Source data:
--- START ---
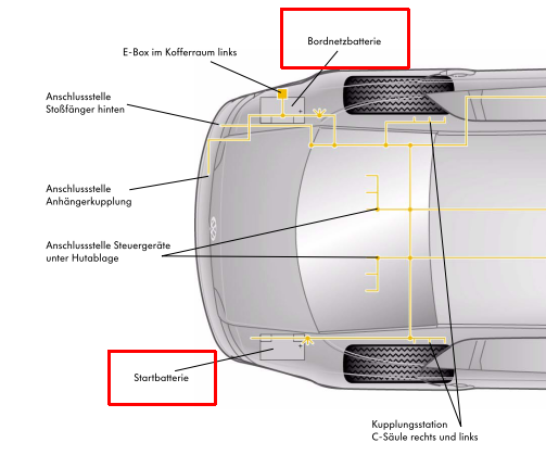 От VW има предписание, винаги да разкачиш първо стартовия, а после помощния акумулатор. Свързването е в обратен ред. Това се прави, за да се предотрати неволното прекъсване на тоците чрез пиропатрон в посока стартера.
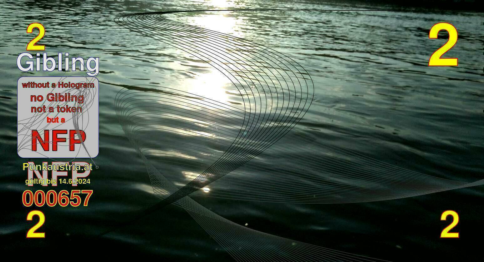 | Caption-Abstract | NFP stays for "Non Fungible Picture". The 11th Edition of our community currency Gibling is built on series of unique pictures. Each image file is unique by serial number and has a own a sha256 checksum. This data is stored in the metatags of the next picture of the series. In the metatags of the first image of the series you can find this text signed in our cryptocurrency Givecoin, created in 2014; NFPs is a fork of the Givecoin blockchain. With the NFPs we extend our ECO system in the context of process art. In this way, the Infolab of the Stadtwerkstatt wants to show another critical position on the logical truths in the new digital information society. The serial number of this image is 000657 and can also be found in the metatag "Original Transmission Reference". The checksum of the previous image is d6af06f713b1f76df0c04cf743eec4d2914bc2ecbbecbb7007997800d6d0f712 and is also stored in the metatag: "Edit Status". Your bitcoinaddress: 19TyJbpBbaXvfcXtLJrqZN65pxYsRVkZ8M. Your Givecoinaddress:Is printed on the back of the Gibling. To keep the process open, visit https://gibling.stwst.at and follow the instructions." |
--- END ---
--- START ---
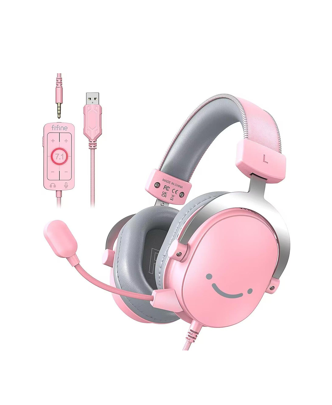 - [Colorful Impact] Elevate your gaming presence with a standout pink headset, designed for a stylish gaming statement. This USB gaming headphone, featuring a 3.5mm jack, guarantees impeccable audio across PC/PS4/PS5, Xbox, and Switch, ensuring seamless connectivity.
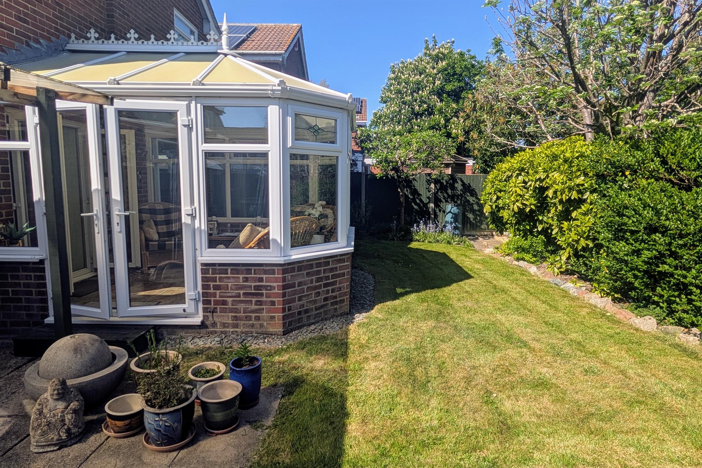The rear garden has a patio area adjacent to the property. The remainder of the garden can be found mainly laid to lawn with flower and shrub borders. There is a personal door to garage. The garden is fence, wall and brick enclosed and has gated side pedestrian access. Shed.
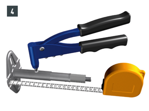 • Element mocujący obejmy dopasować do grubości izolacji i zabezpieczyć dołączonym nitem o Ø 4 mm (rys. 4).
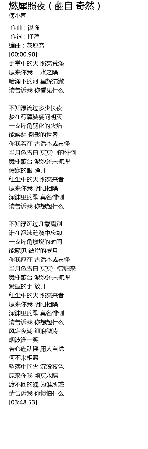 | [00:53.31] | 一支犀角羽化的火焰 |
--- END ---
Problem statement:
Using the data above, set down each line from the line with "- [Colorful Impact]" to the line with "The rear garden" exactly, both ends included, and leave the pictures behind. Nothing else belongs.

Finished task:
 - [Colorful Impact] Elevate your gaming presence with a standout pink headset, designed for a stylish gaming statement. This USB gaming headphone, featuring a 3.5mm jack, guarantees impeccable audio across PC/PS4/PS5, Xbox, and Switch, ensuring seamless connectivity.
The rear garden has a patio area adjacent to the property. The remainder of the garden can be found mainly laid to lawn with flower and shrub borders. There is a personal door to garage. The garden is fence, wall and brick enclosed and has gated side pedestrian access. Shed.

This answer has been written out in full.